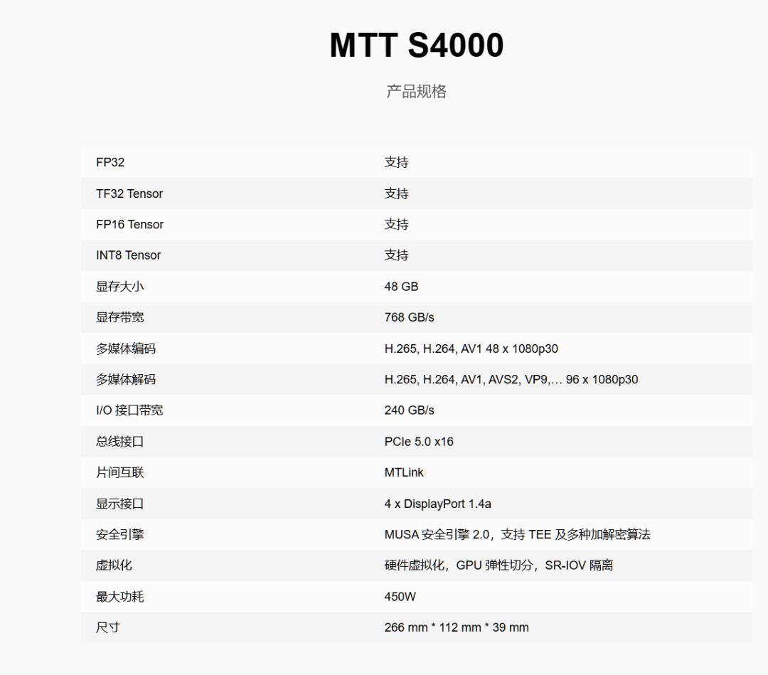 算力卡这边,摩尔线程旗舰S5000的参数表现还不错,由于算力卡更重视性能指标,算是英伟达H100的替代。摩尔线程在带宽、显存、算力表现都不错,支持主流计算精度,这代表着已经可以应用于AI大模型推训了。
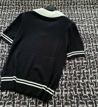 Celine 2025 Striped Polo Shirt Blue Black White Cotton
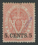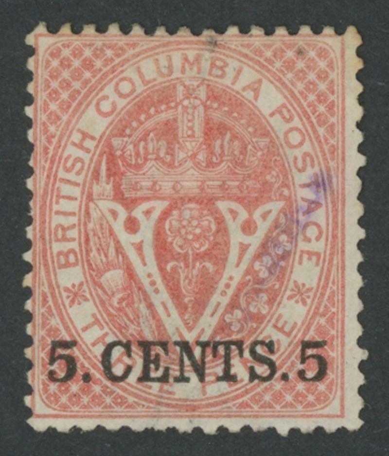 | Zusatzinformationen und Suchstichworte: | 257. Abacus Auktion 27. - 30. August 2024 Los 1670 Britisch Columbia und Vancouver Inseln Britisch Kolumbien: 1867 Aufdrucke Zähnung 14 5. CENTS. 5 auf 3d blassrot SG 29 (Scott 9), hell small-part Barren Stempeln in violett, ein etwas kurz Zähnung auf der linken Seite, Katalogwert £200 (US$250). Zuschlag 95,00 AUD |
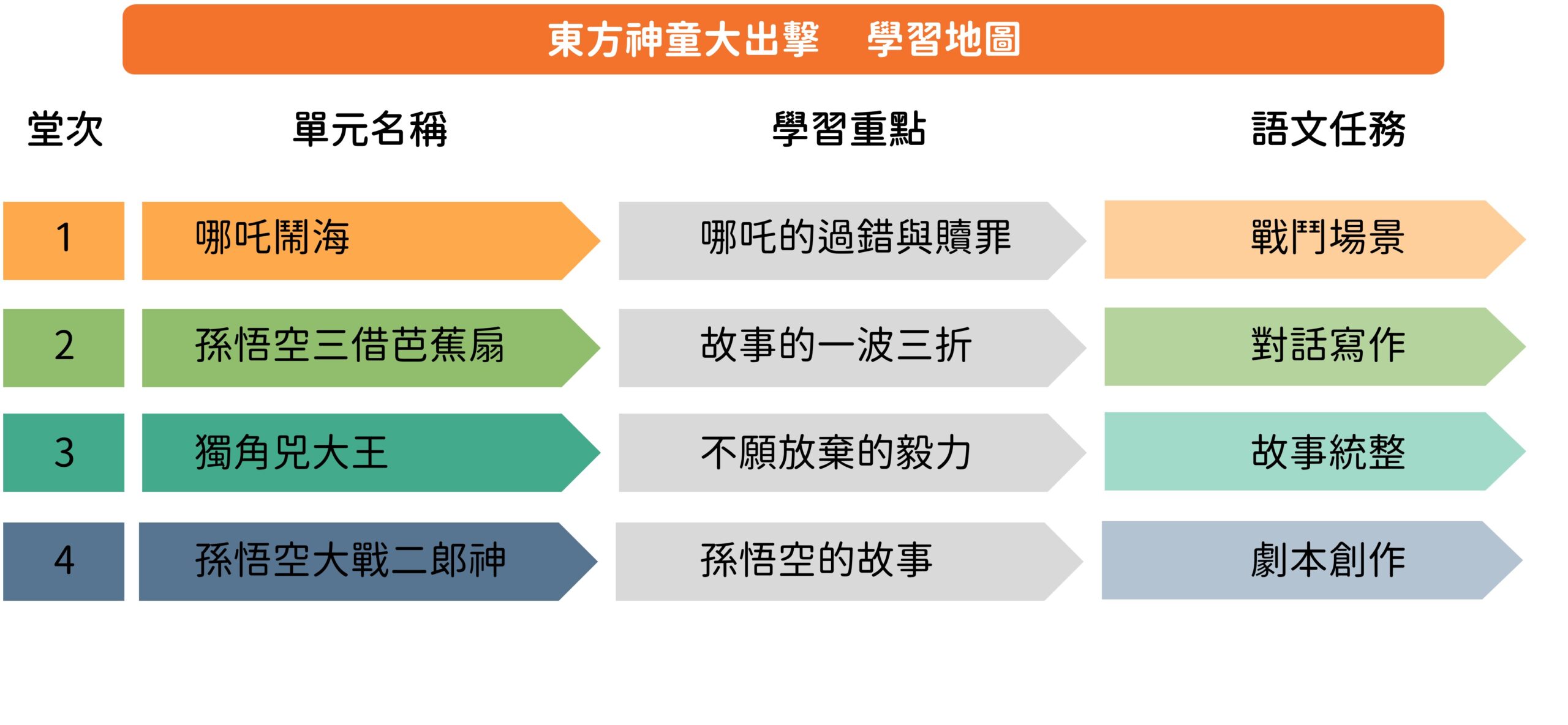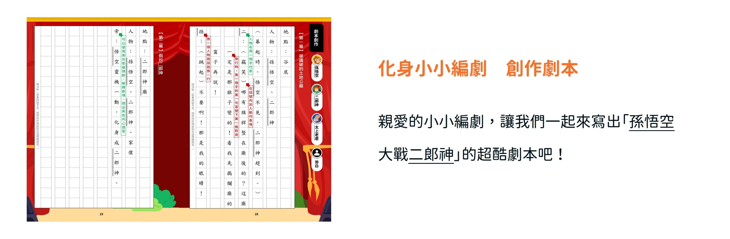 第四堂課「孫悟空大戰二郎神」:將經典場面,變成一齣好戲!本堂課將引導孩子挑戰「劇本創作」,跳脫傳統框架,用更活潑的形式來創作。
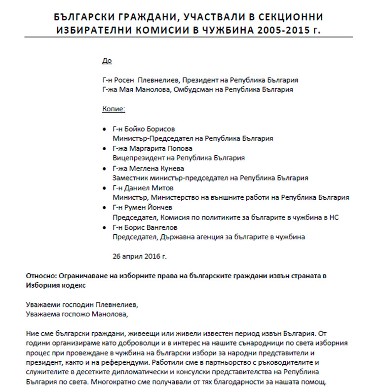 Във връзка с ограничаване на изборните права на българските граждани извън страната в Изборния кодекс, 150 български граждани, участвали в секционни избирателни комисии в чужбина в периода 2005-2015 г., изпратиха писмо до президента Росен Плевнелиев и националния омбудсман Мая Манолова. Писмото е изпратено с копие до премиера Бойко Борисов, вицепрезидента Маргарита Попова, вицепремиера Меглена Кунева, външния министър Даниел Митов, председателя на Комисията по политиките за българите в чужбина Румен Йончев, председателя на ДАБЧ Борис Вангелов.
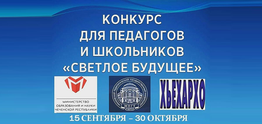 Министерство образования и науки Чеченской Республики, Московский государственный педагогический университет и республиканская газета «Хьехархо» объявляют о начале нового и масштабного конкурса среди педагогов и школьников «Светлое будущее». Наш конкурс направлен на выявление и поощрение лучших учителей и учеников республики, на стимулирование вашей творческой активности, привлечение внимания общественности к проблемам системы образования.
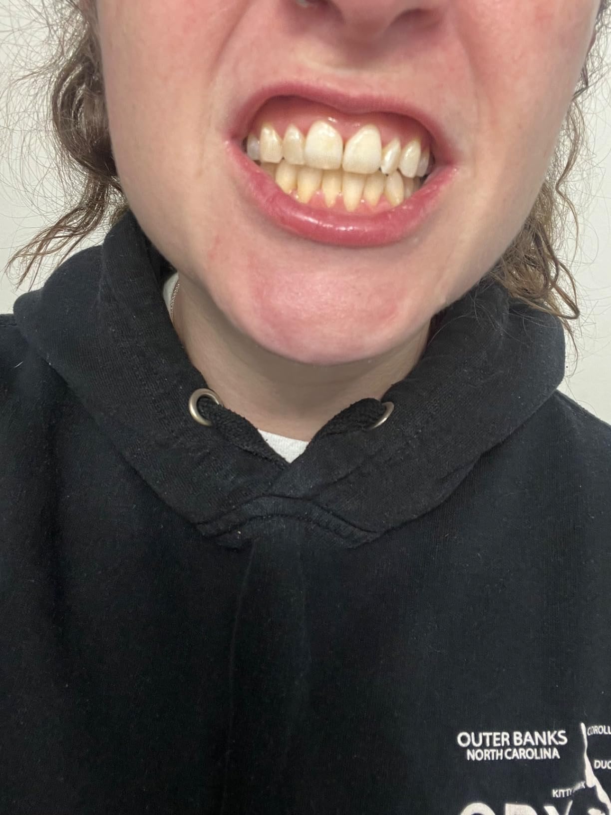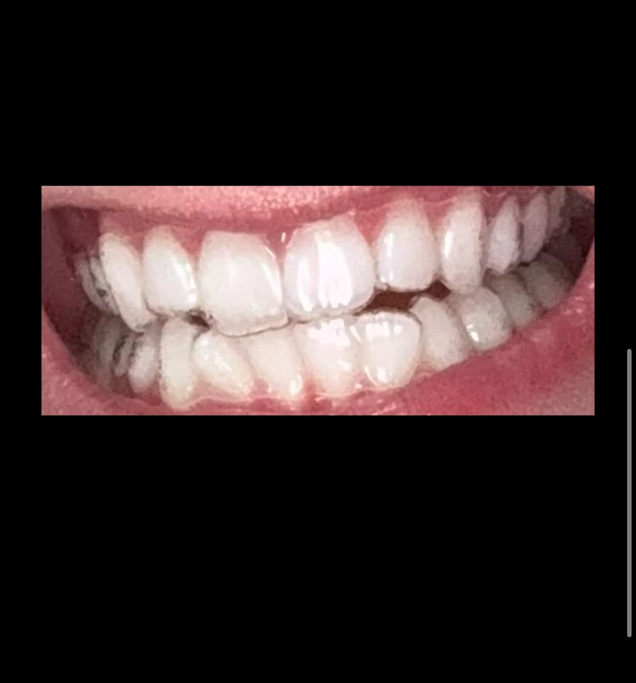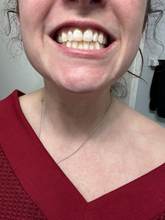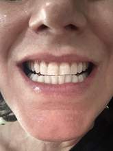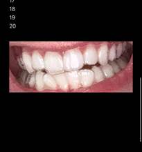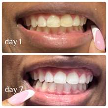 Esta imagen es exactamente una semana después y solo después de usar 5 de las 7 tiras. Usó las 5 tiras durante unos 30 minutos cada vez... aún no tenga pasta de dientes ni enjuague bucal, pero veendo qué tan bien usan estas tiras ¡Me vamos conseguir toda la línea! Necesito mucho trabajo de dientes hecho, ¡pero solo esta mejora es increíble! No lo dudes, comprar estos
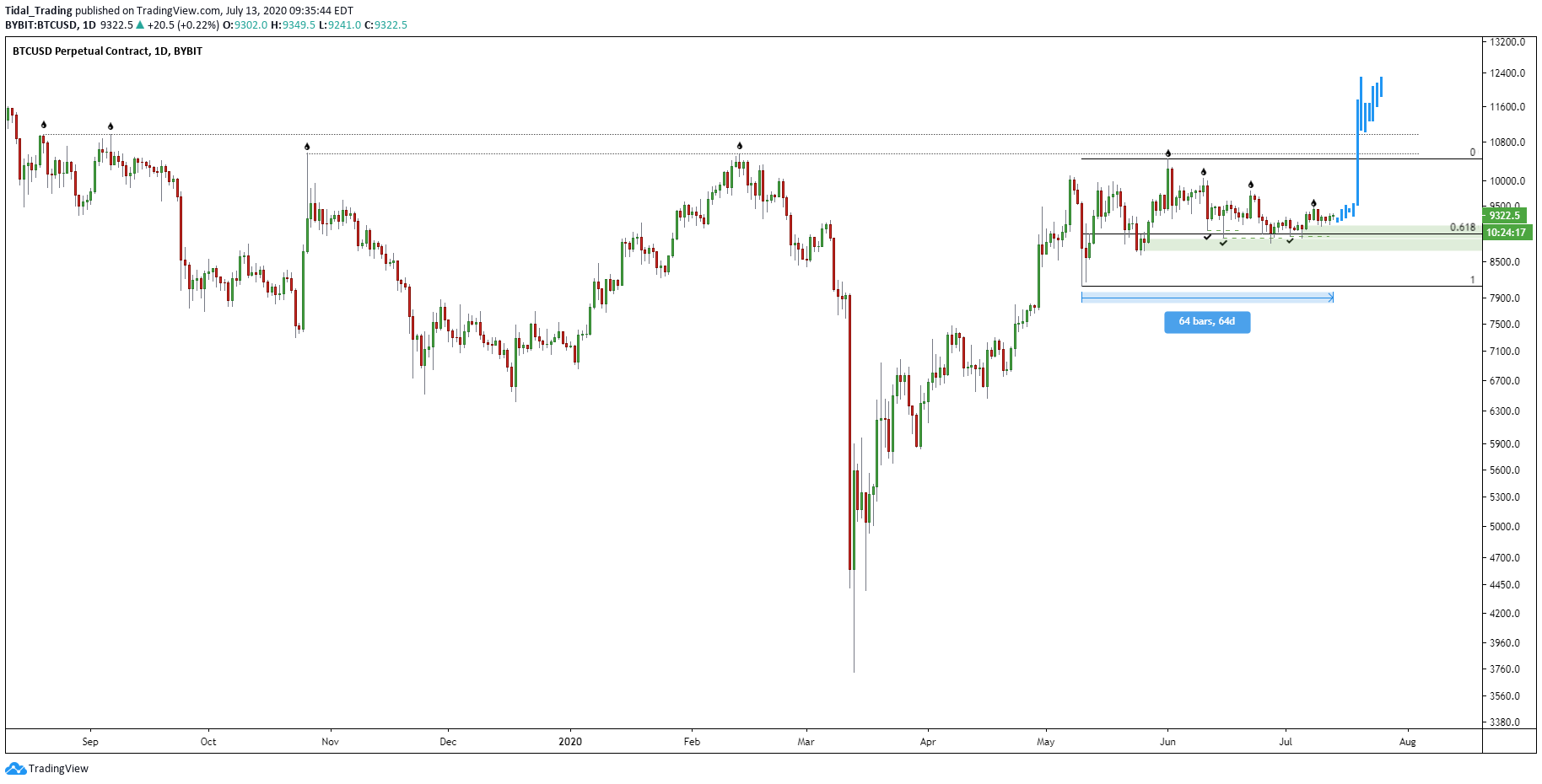 “Leaning bullish atm due to continuous failed selloffs into 1D demand & the 0.618 retracement of the current low & high, trapping shorts & sellers. Over 2 months now spent in this range, recent PA leaving a lot of overhead liquidity. I think we take that out next,” he explained.
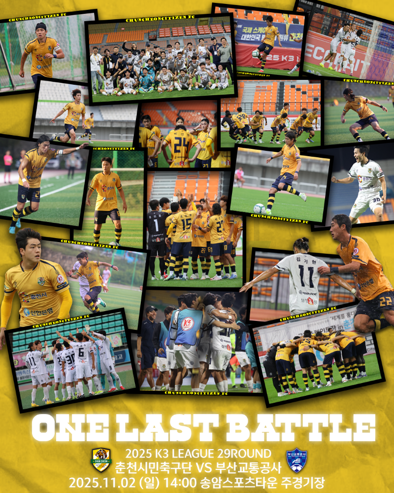춘천시민축구단의 2025 시즌 마지막 홈경기가 오는 11월 2일 오후 2시 송암스포츠타운에서 열린다. 시즌 피날레를 장식할 이번 경기는 팬들과 함께하는 특별한 자리로 마련된다.
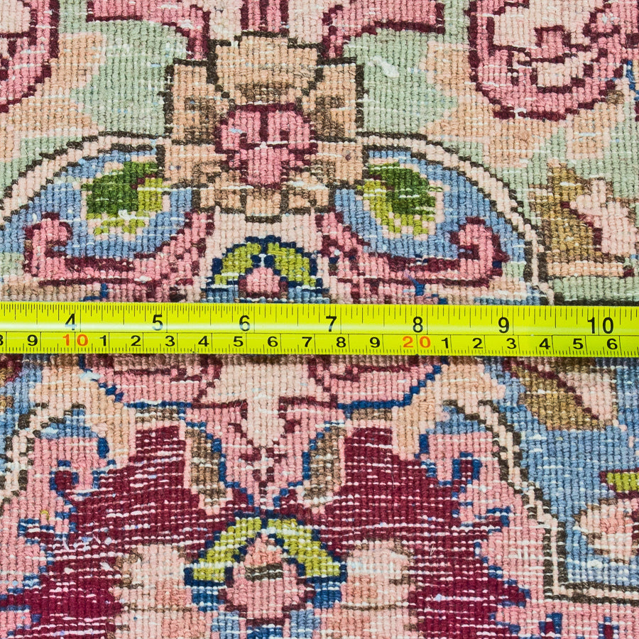 This Kirman style Persian rug combines ornate detail with a unique design. The pattern favors a more natural, organic style with its lack of order and borders that makes it feel truly one-of-a-kind. An ornate cream-colored central medallion is bordered by a deep burgundy red. Every time you look at this rug, you will find new beautiful shapes and details to admire. This rug is completely hand-crafted by talented tribal artisans. They used wool to create the thick pile of this rug, so it endures years of heavy-traffic use. It makes a grand statement in any home for years to come.
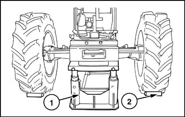 42. Position a fixed stand (3) under the support of the groove (1) of the front axle drive placing a wooden plug between parts (3) and (1)
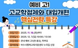 여수 남재옥 기자2025. 11.19[정보신문 = 남재옥 기자] 여수시(시장 정기명)는 관내 예비 고등학교 1학년(현재 중학교 3학년)과 학부모를 대상으로 ‘고교학점제와 대입 개편 핵심 전략 특강’을 운영한다. 이번 특강은 오는 12월 7일(일) 오전 10시, 오후 1시 30분 두 차례에 걸쳐 여수시행복교육지원센터 제1강의실에서 진행되며 총 120명을 모집한다. 강의는 서울 강남 등 전국에서 활동 중인 입시교육 전문가 이미연 강사(유튜브 ‘이로울쌤’)가 맡아 고교학점제와 대입 변화를 설명해 학생과 학부모의 진로·진학 고민을 돕는 시간으로 구성될 예정이다. ...
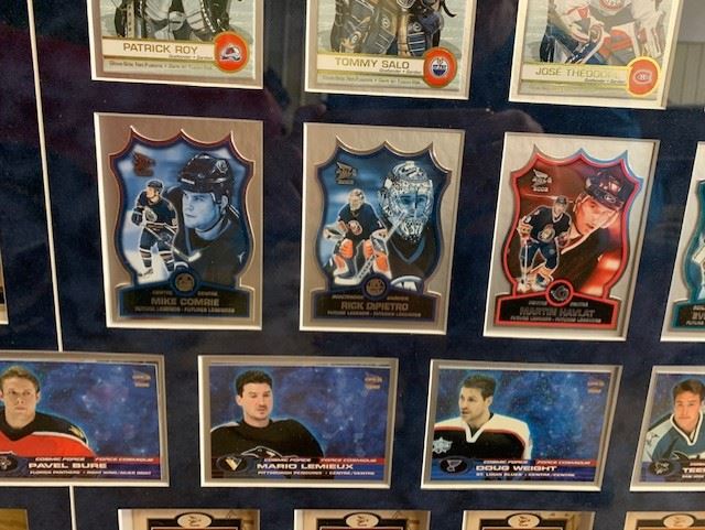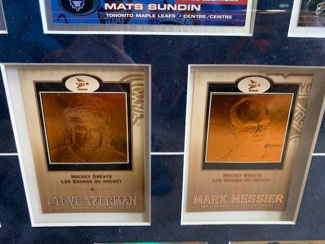 BEAUTIFULLY FRAMED 2001, 2002 PRISM GOLD HOCKEY CARD COLLECTION FEATURING MARK MESSIER, RYAN SMYTH, STEVE YZERMAN, MARIO LEMIEUX AND 62 OTHER NHL STARS
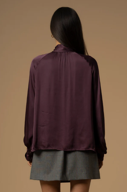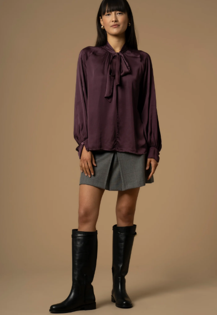 Questa blusa in pura viscosa a maniche lunghe è caratterizzata da una fusciacca da annodare sul collo, maniche con polsino a bottoni, linea ampia e vestibilità regolare.
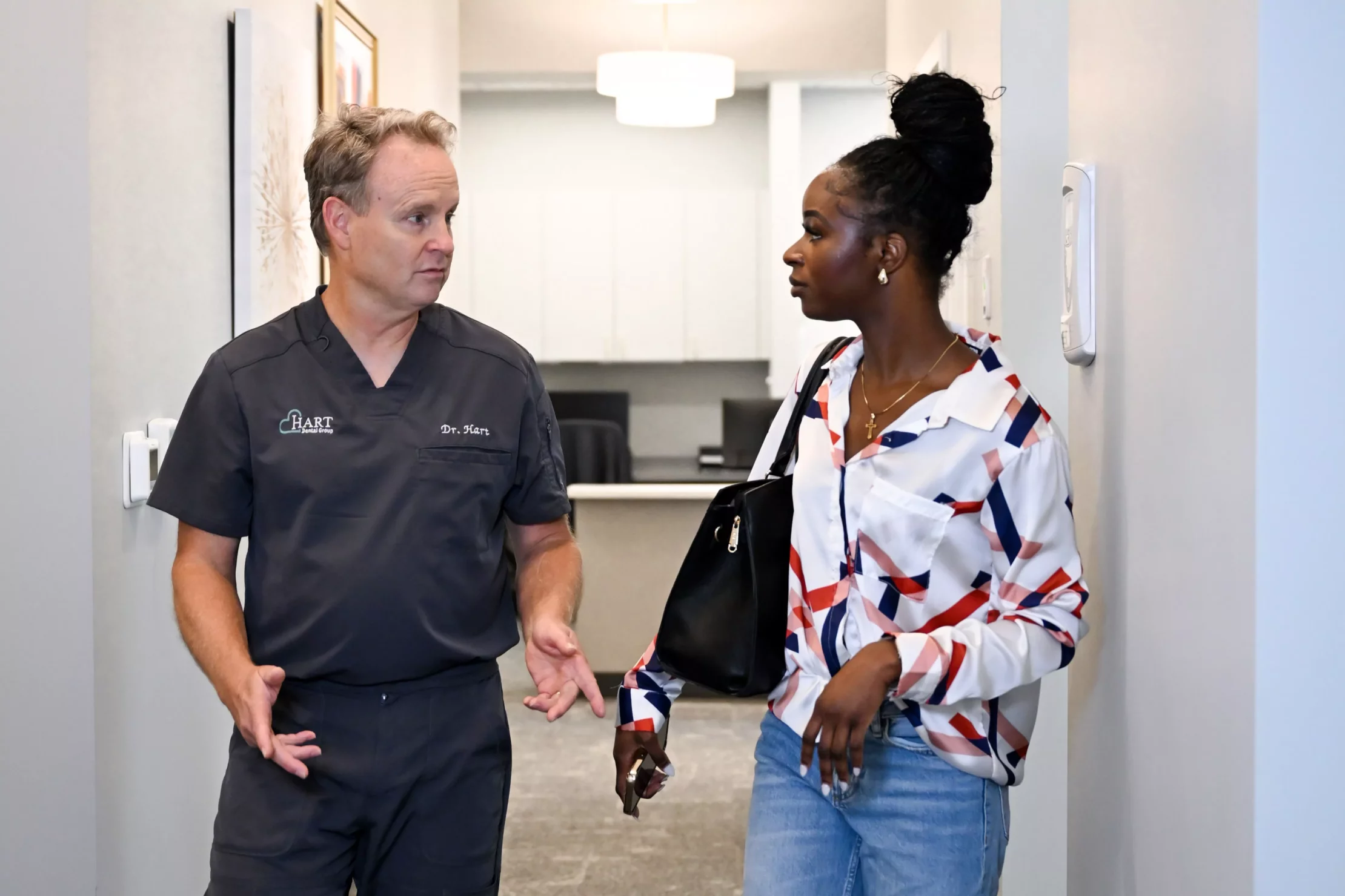When you first visit Hart Dental Group, you will be greeted by our friendly and welcoming staff. They will help you check in and get comfortable in our waiting room. Once your appointment time arrives, you will be taken to a private exam room where you will meet with your dentist or hygienist.
··········
## ACTIVITY
Above are the records; repeat their lines from the first through the line containing "Celine 2025 Striped", and leave out each picture.

## RESULT
 算力卡这边,摩尔线程旗舰S5000的参数表现还不错,由于算力卡更重视性能指标,算是英伟达H100的替代。摩尔线程在带宽、显存、算力表现都不错,支持主流计算精度,这代表着已经可以应用于AI大模型推训了。
 Celine 2025 Striped Polo Shirt Blue Black White Cotton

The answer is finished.